Sophie Jewett (June 3, 1861 – October 11, 1909), also known under the pseudonym Ellen Burroughs, was an American lyric poet, translator, and professor at Wellesley College. Much of her poetry contains lesbian themes.

==Family==
Jewett was born in Moravia, New York, one of four children of Charles Carroll Jewett, a doctor, and Ellen Ransom (Burroughs) Jewett. Her mother died when she was 7 and her father when she was 9, after which she was raised by an uncle, Daniel Burroughs, and her grandmother in Buffalo. Her sister Louise became a noted art historian. In Buffalo, she developed a friendship with Mary Whiton Calkins, the daughter of her minister, who also went on to teach at Wellesley College.

==Career==
===Writing===
When she was 20, Jewett traveled in Europe, and reflections of these experiences appear in her early poetry and in sketches that she published in The Outlook and Scribner's Magazine.

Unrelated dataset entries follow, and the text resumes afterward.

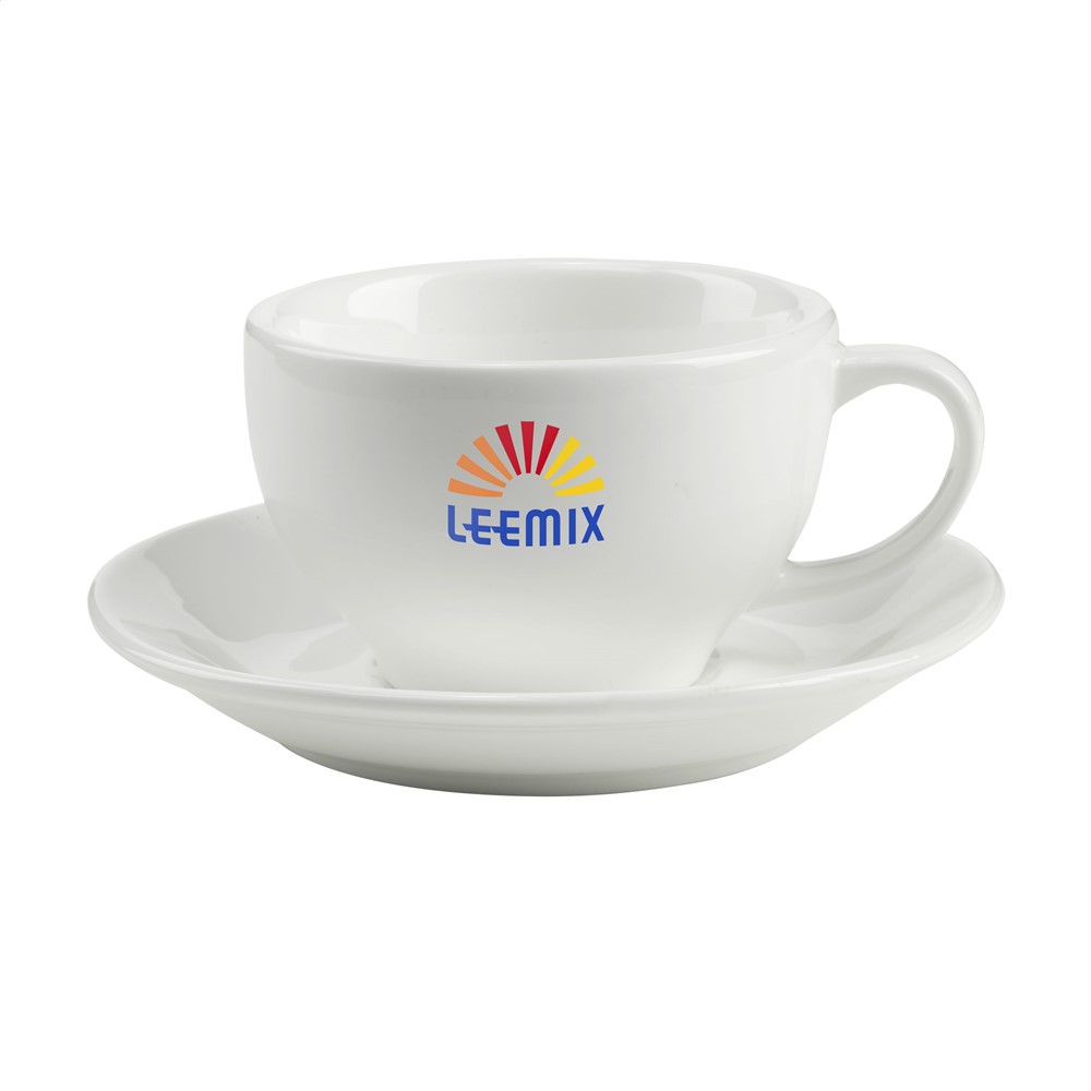 Hochwertige Keramik-Tasse und Untertasse, für Cappuccino. Fassungsvermögen 210 ml. Spülmaschinengeeignet. Der Aufdruck ist spülmaschinengeprüft und nach EN 12875-2 zertifiziert.
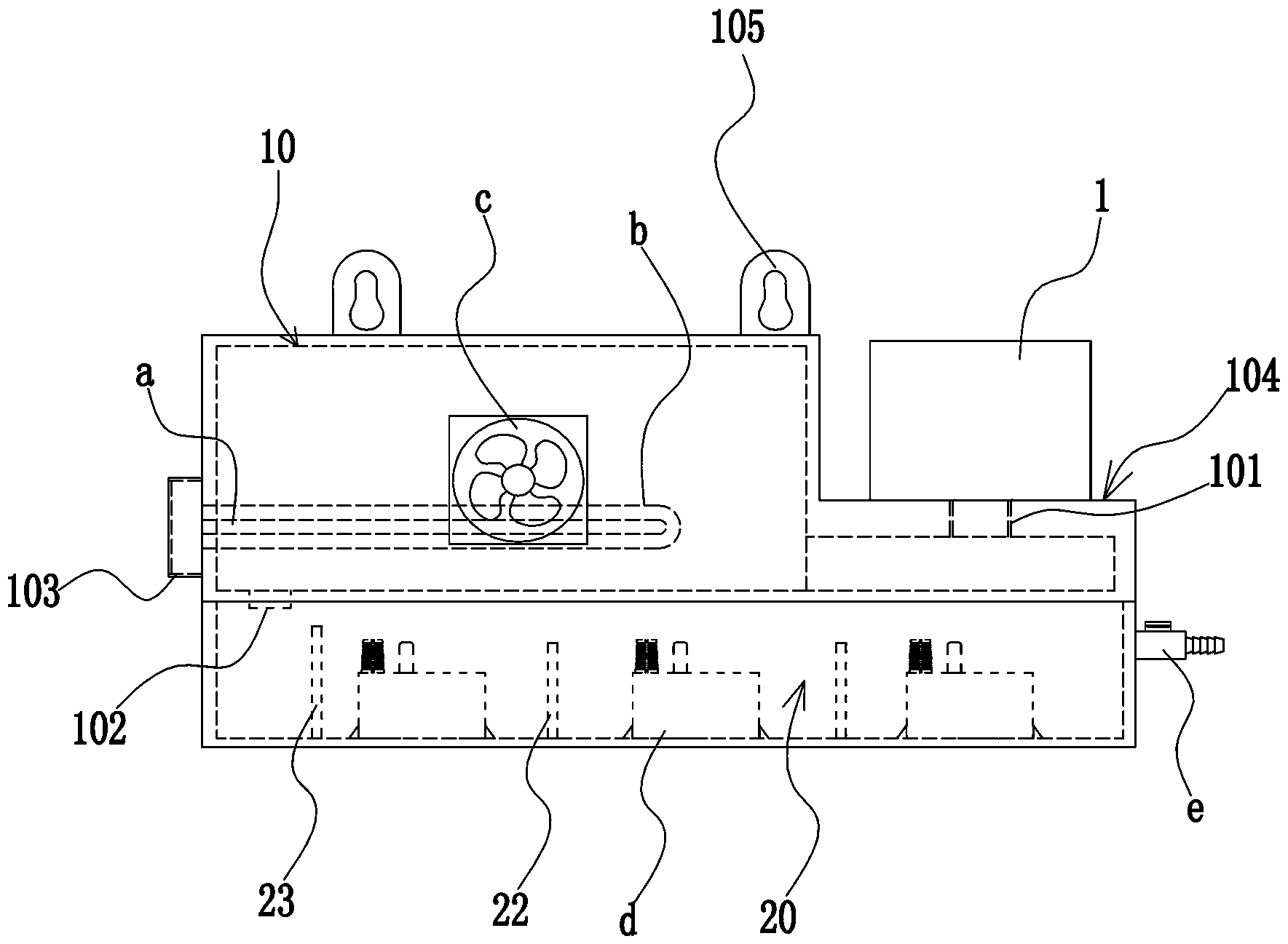 其二、本實(shí)用新型中,殼體內(nèi)部設(shè)有與殺菌室的出水口相通的霧化室,該霧化室設(shè)有噴霧口并配設(shè)有風(fēng)扇,霧化室內(nèi)設(shè)有至少一霧化器。經(jīng)殺菌室處理后的空調(diào)水流入霧化器,由霧化器霧化形成水霧,再由風(fēng)扇將水霧噴入室內(nèi)空氣中,以提高室內(nèi)的空氣濕度,避免室內(nèi)的空氣濕度因長時(shí)間使用空調(diào)而過低。
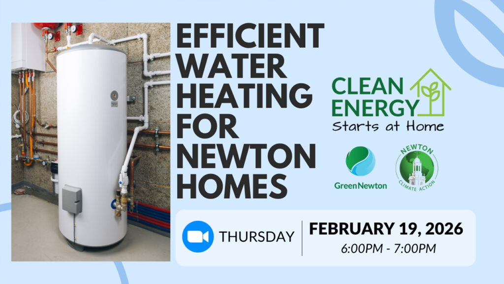 Newton homeowners and residents are invited to a free virtual educational webinar, Efficient Water Heating for Newton Homes, sponsored by Green Newton and the City of Newton Climate & Sustainability Team. The webinar will take place Thursday, February 19 from 6-7PM via Zoom. Participants will gain key insights into energy-efficient…
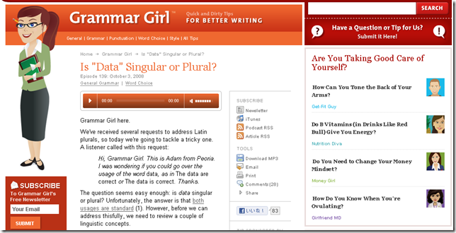 最近、このサイトに何度か行き着いたのでメモ。 Quick and Dirty Tips ™ という、ライフハックサイトの、「Grammar Girl」というコーナー。data という単語は、単数形だろ ...
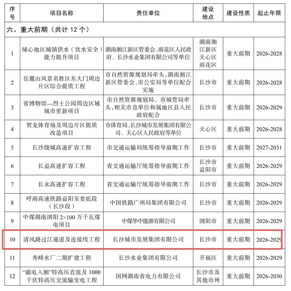 科学统筹谋定后动 清风路大桥蓄力待发 长沙南部融城交通蓝图稳步落地 长沙市2026年重点建设项目清单公布后,清风路过江通道(清风路大桥) 由新建项目调整为重大前期项目,建设时序迎来优化暂缓。这一调整并非项目停滞,而是立足南部片区开发节奏、资金统筹效率与工程建设时机的科学谋划,旨在让这座跨江通道在最优条件下落地见效、赋能发展。 据官方回应,清风路大桥目前已完成通航影响审批这一关键节点,防洪评价、水土保持、环境保护等专项论证正有序推进。因项目需跨越湘江、下穿京广铁路,技术复杂度高、实施标准严格,后续将结合长沙南部片区开发时序,尤其是奥体新城建设进度,择机启动建设,确保工程与城市发展同频共振、高效协同。 作为长沙南部重要跨江通道,清风路大桥规划亮点突出、功能复合。项目定位城市结构性主干路,设计时速60公里,双向八车道;桥梁全长约3.63公里,主桥采用双塔双索面斜拉桥设计,最大跨径360米,桥面宽度拓宽至51.5米,通行能力大幅提升。项目创新构建“跨江大桥+下穿隧道+地面道路”立体交通体系,东岸配套1.24公里下穿京广铁路隧道,实现铁路与城市道路各行其道;同时在桥面预留应急给水管道,兼顾交通出行与城市供水安全,是兼具实用性与前瞻性的复合型工程。 项目区位优势显著,地处大王山旅游度假区、湘江科学城与南部融城片区几何中心,西起潭州大道,向东跨越湘江后无缝对接湘江大道、天心大道等主干路网。建成后,大王山片区至长株潭融城核心区域通行时间将缩短至10分钟左右,既能有效缓解湘府路大桥交通压力,也能为奥体新城承接文体赛事、集聚产业人流提供坚实交通保障,进一步完善长沙城南过江交通格局。 从城市发展全局来看,适度暂缓并非消极等待,而是理性务实的发展选择。项目总投资规模较大,与片区开发节奏同步推进,可实现资金使用效益最大化,避免资源错配。当前,暮坪湘江特大桥、南横高速跨江大桥等南部跨江通道正加速建设,长沙南部过江交通网络正梯次落地、协同成网,为区域发展提供持续支撑。 清风路大桥前期工作稳步深化、规划方案持续优化,其串联两岸、赋能融城的核心使命始终未变。待时机成熟,项目将以更完善的准备、更成熟的条件启动建设,成为支撑长沙南部片区崛起、服务长株潭一体化发展的关键交通载体,助力城市向南拓展更高质量的发展空间。

Jewett initially published poetry under the pseudonym Ellen Burroughs (borrowed from her mother's name). Her first book under her own name was The Pilgrim, and Other Poems (1896). Jewett wrote in various poetic forms, including the rondeau, the sonnet, and the ballad. Fellow poet Richard Watson Gilder called her a true poet with a golden gift.

In addition to original poetry, Jewett undertook translations, including a version of the complex Middle English poem The Pearl in the original meter and selected lyrics such as a "Nativity Song" adapted from the work of Jacopone da Todi. A collection of southern European ballads translated by Jewett from several languages was edited by the author and literary scholar Katharine Lee Bates and published posthumously.

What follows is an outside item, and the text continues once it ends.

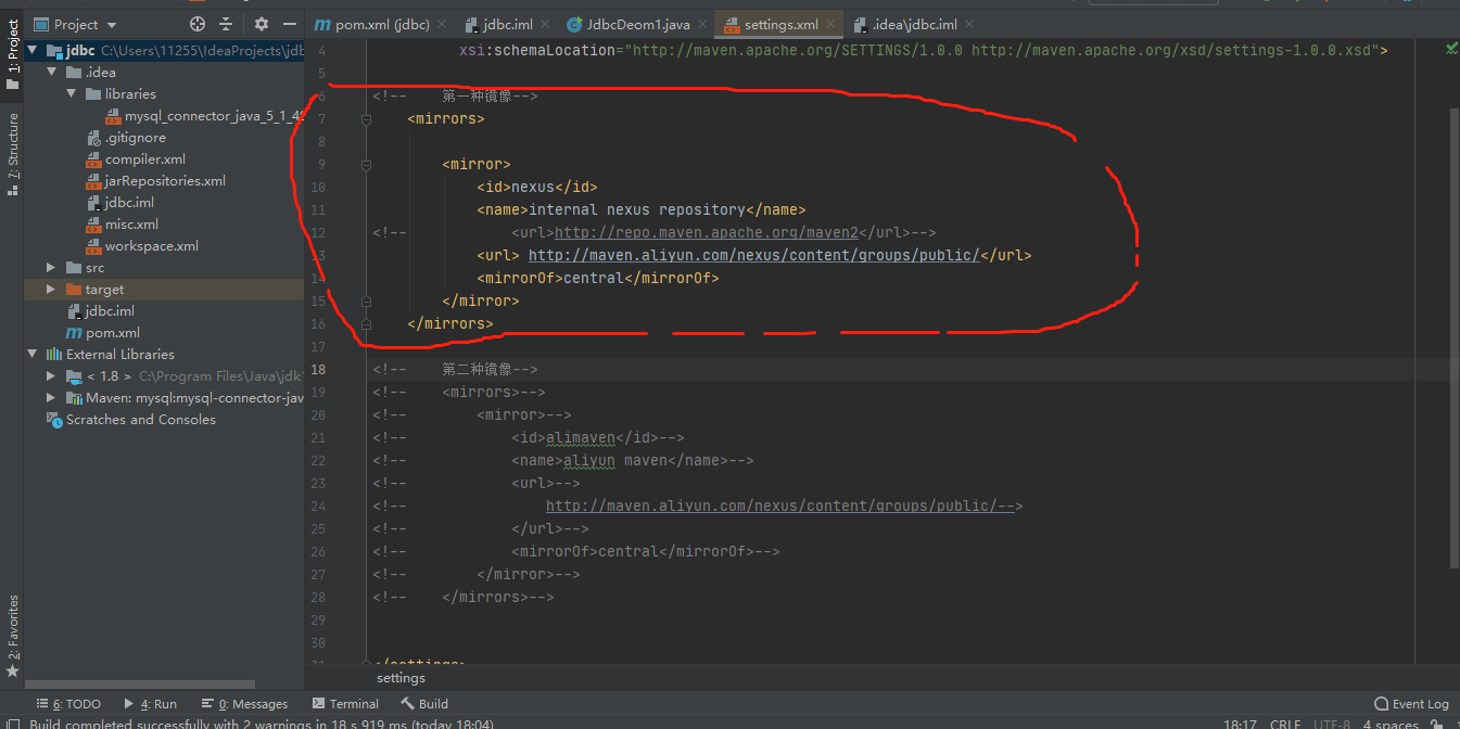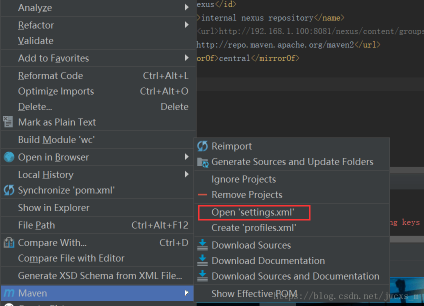 点击Open’settings.xml’ , 刚开始这个位置是Create ‘settings.xml’ ,打开之后添加在里面添加镜像服务器:

In 1901, Jewett published an introduction to a critical edition of Tennyson's The Holy Grail.

The English composer Edward Elgar wrote a song entitled "The Poet's Life" (1892) with lyrics by Jewett (credited to her pseudonym of Ellen Burroughs).

===Teaching===
In 1889, Jewett began teaching English at Wellesley College, and in 1897 she became an associate professor. Among her students there was the writer Sarah Bixby Smith.

==Death and legacy==
Jewett died October 11, 1909. Wellesley College founded a scholarship in Jewett's name in 1911 and dedicated a window in her memory in the college chapel.

==Publications==
- Original poetry
- The Pilgrim, and Other Poems (1896)
- Persephone and Other Poems (1905)
- The Poems of Sophie Jewett (1910)

- Translations
- The Pearl (1908)
- Folk-Ballads of Southern Europe (1913)

- Children's books
- God's Troubadour: The Story of St. Francis of Assisi (1910)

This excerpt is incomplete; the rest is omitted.